**EXERCISE GOAL:** When writing out the entries below, keep only the lines from the line with "早秋新款小香风撞色刺绣减龄百搭拼接水貂毛设计款套头..." to the line with "Roper Mens 55/45", both included, exactly as they are, and leave the pictures aside.

**DATA FOR THE TASK:**
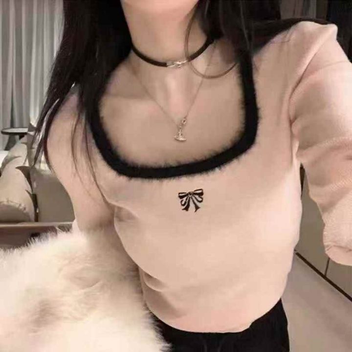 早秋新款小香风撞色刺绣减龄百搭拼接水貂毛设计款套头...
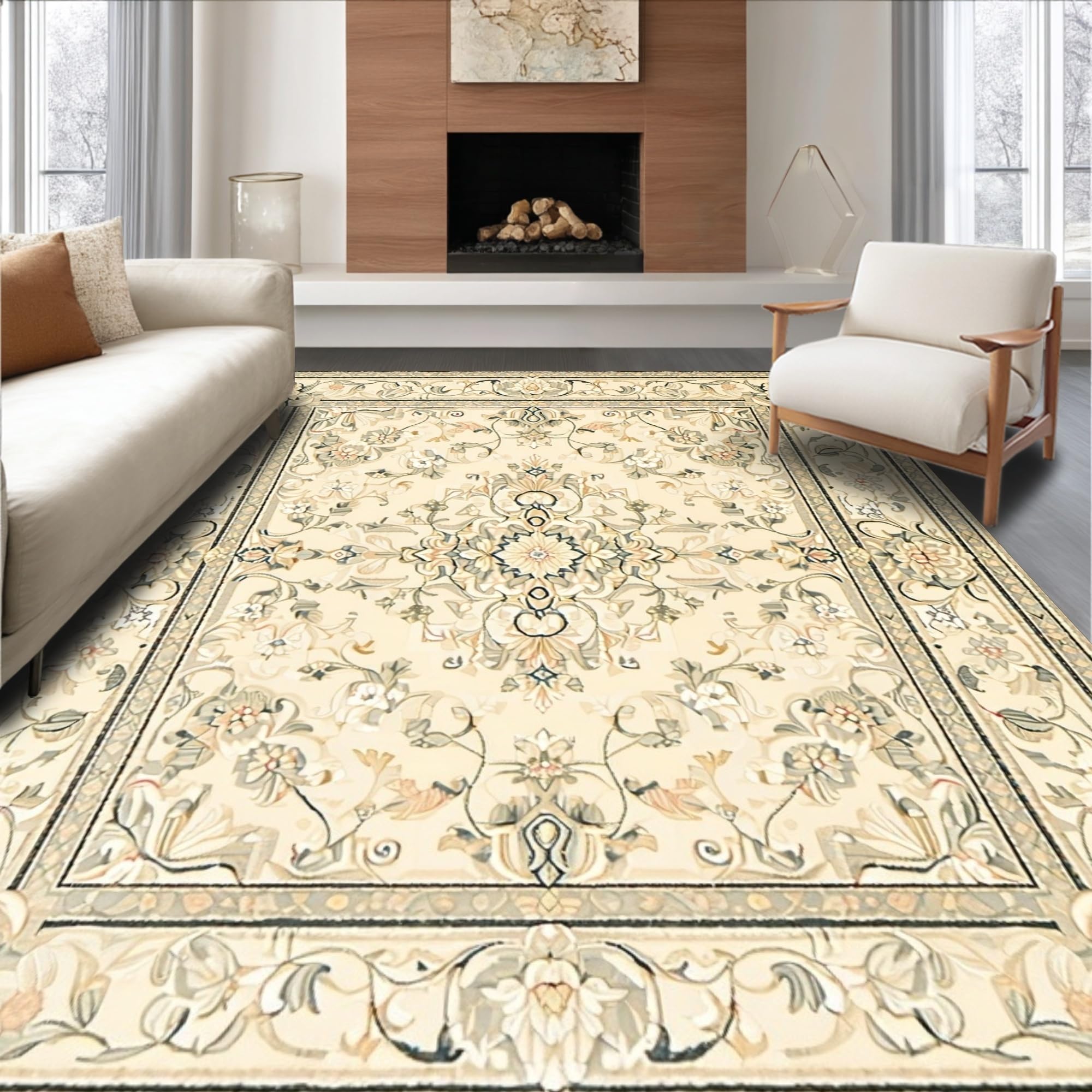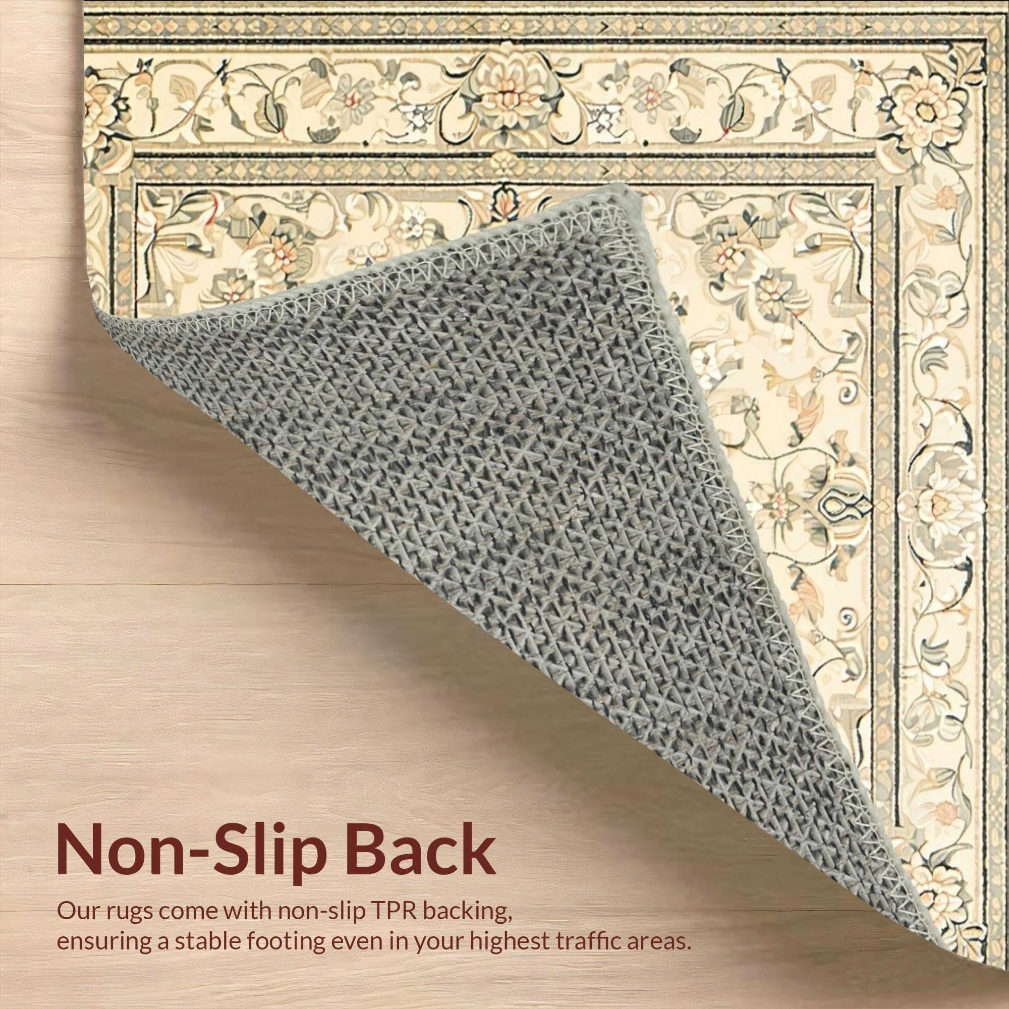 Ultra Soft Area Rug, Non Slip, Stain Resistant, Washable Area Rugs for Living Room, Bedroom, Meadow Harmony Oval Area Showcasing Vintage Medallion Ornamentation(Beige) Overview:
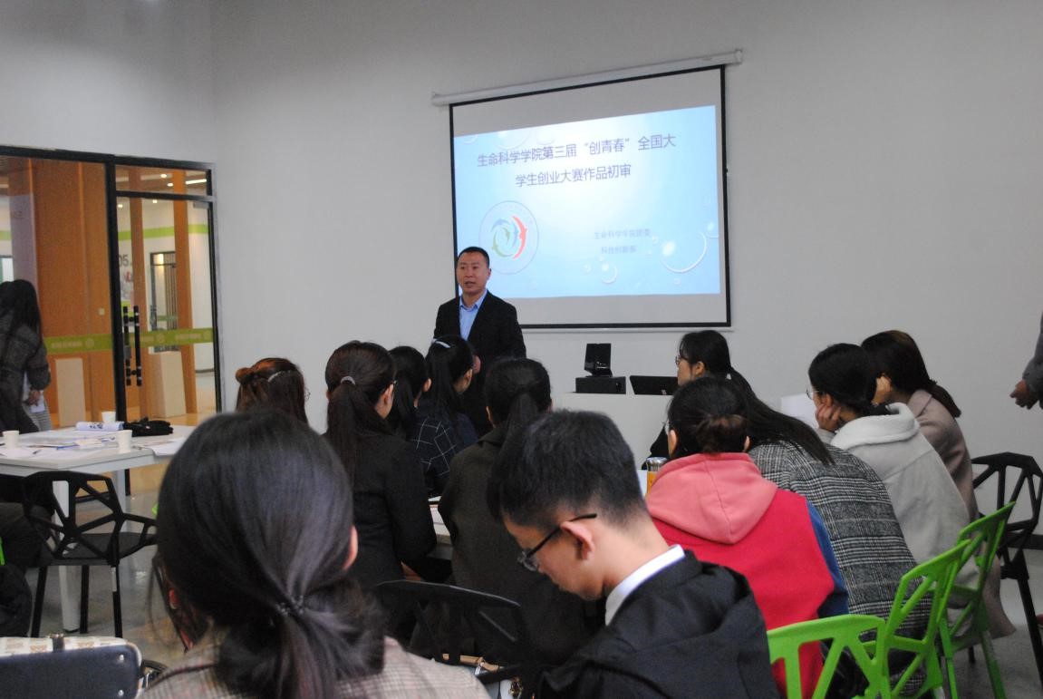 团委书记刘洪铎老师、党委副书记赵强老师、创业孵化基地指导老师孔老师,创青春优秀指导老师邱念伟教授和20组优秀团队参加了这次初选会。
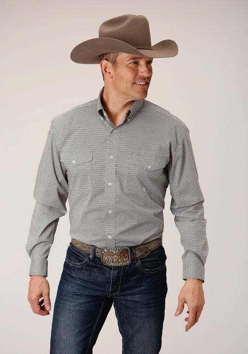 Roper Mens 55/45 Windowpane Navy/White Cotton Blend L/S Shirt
---
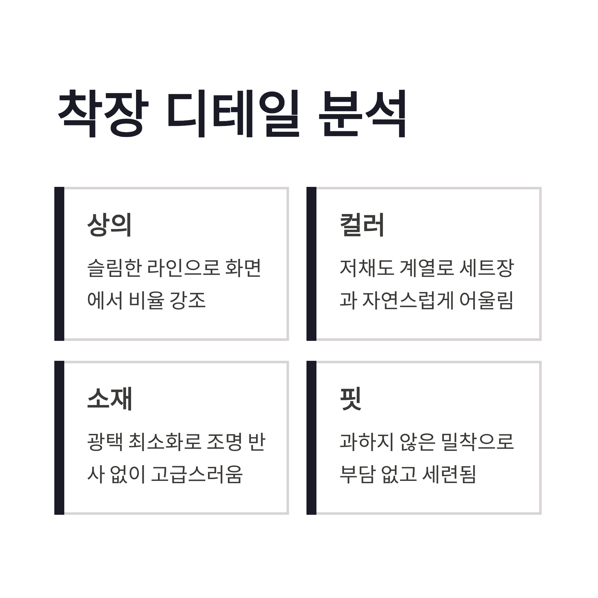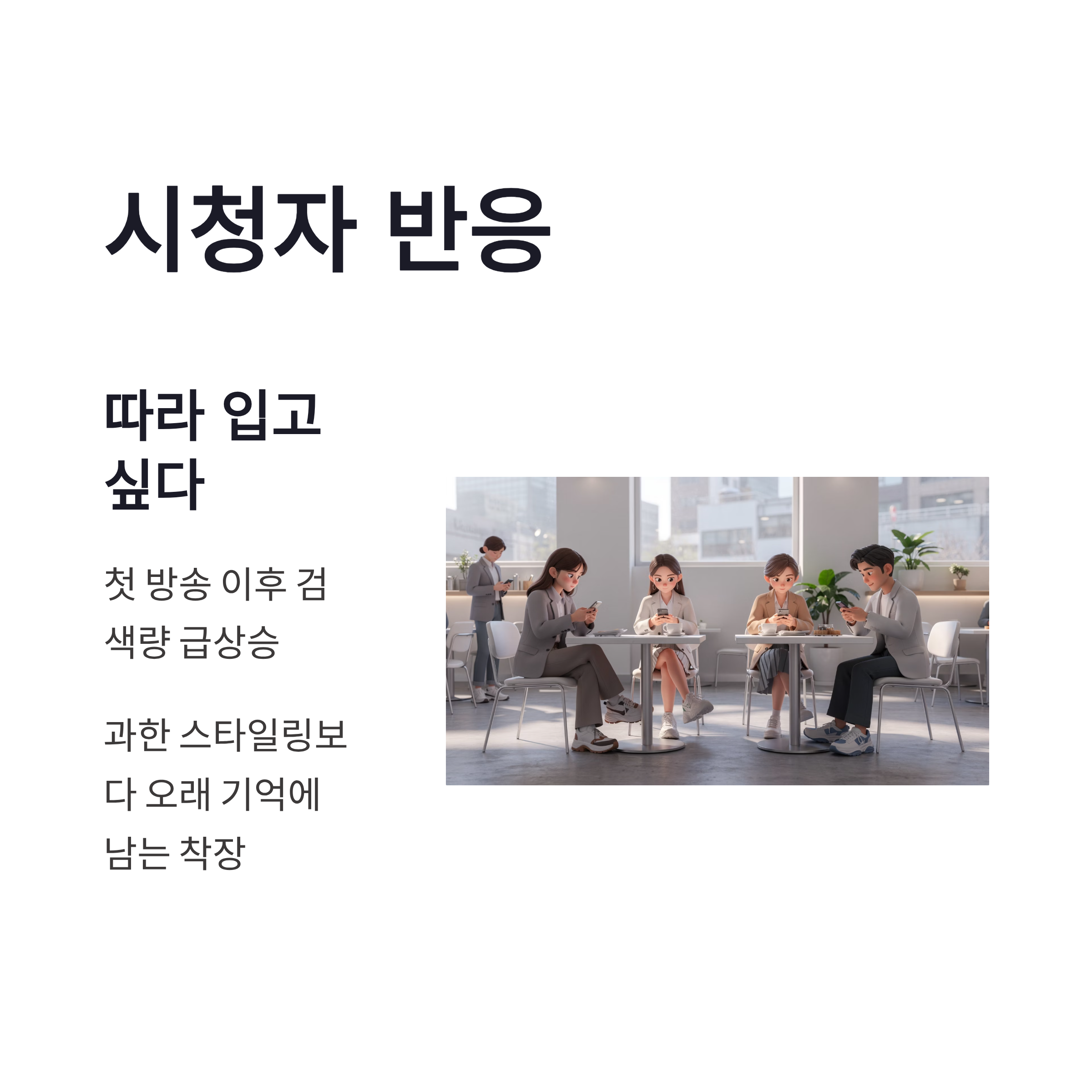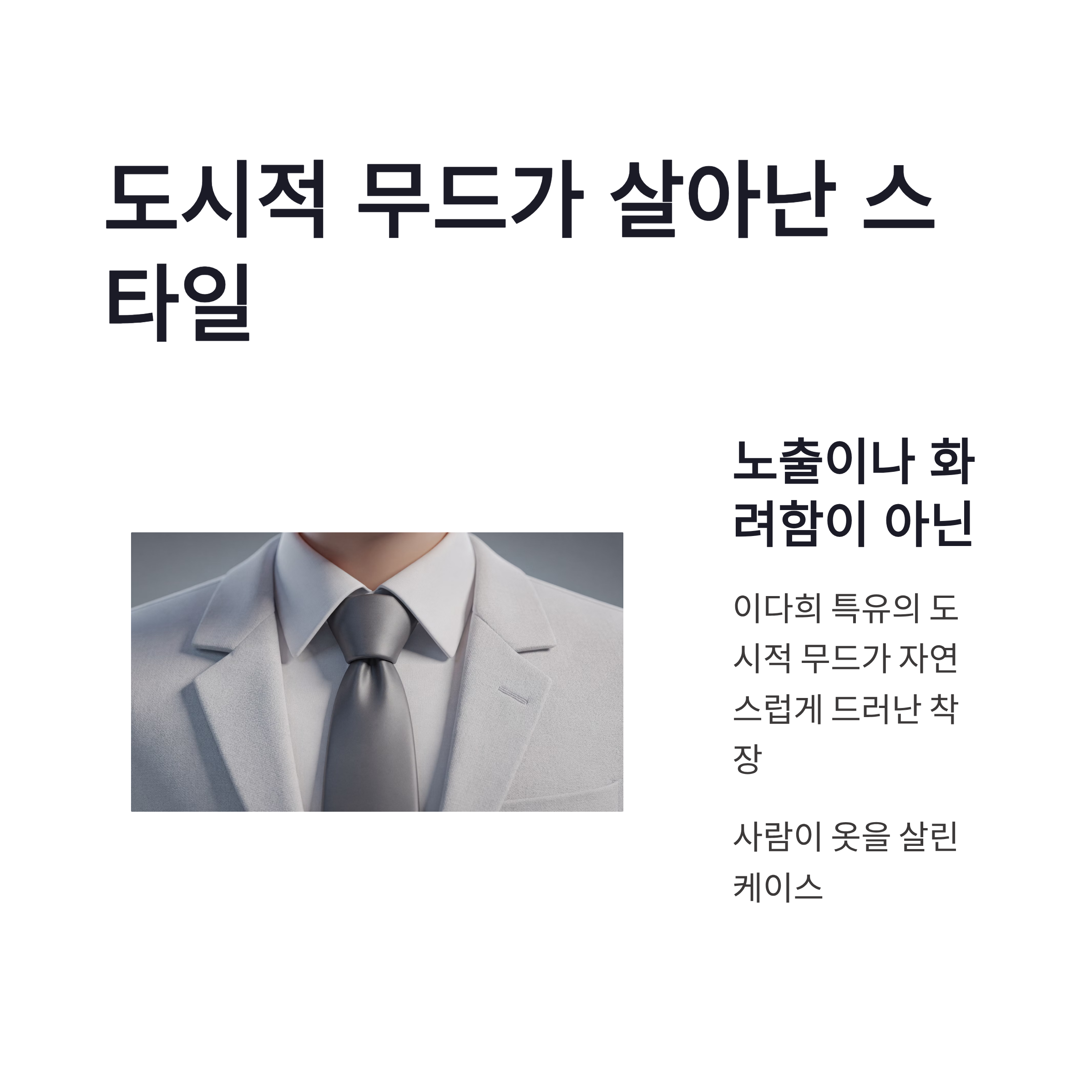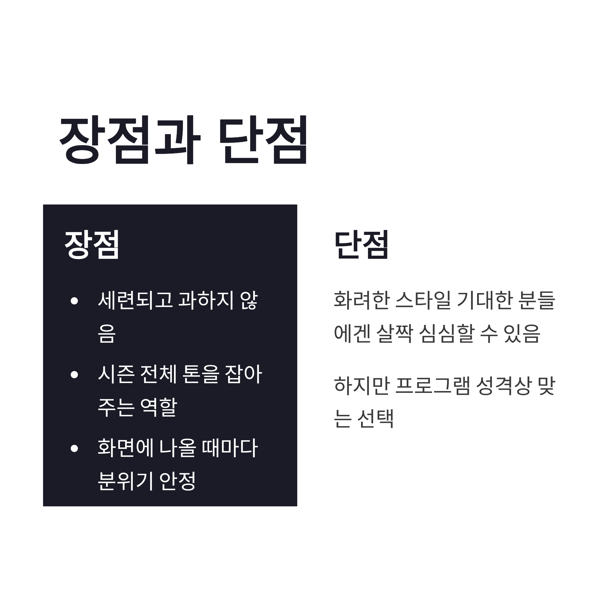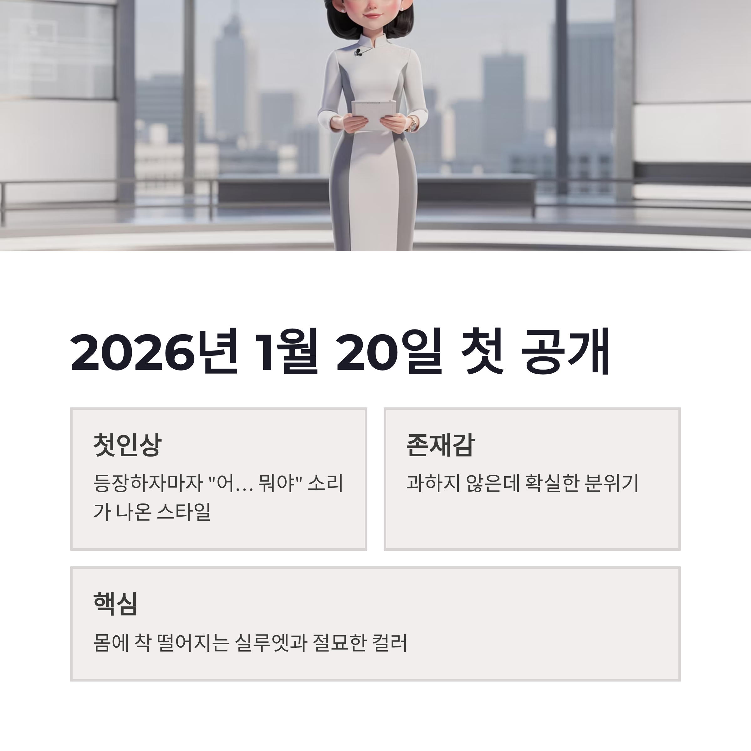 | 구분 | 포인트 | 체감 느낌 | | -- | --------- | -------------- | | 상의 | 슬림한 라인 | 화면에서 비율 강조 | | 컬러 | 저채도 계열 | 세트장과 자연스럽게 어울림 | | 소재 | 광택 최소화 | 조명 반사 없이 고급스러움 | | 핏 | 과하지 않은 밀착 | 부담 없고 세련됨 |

**RESPONSE TO THIS EXERCISE:**
 早秋新款小香风撞色刺绣减龄百搭拼接水貂毛设计款套头...
 Ultra Soft Area Rug, Non Slip, Stain Resistant, Washable Area Rugs for Living Room, Bedroom, Meadow Harmony Oval Area Showcasing Vintage Medallion Ornamentation(Beige) Overview:
 团委书记刘洪铎老师、党委副书记赵强老师、创业孵化基地指导老师孔老师,创青春优秀指导老师邱念伟教授和20组优秀团队参加了这次初选会。
 Roper Mens 55/45 Windowpane Navy/White Cotton Blend L/S Shirt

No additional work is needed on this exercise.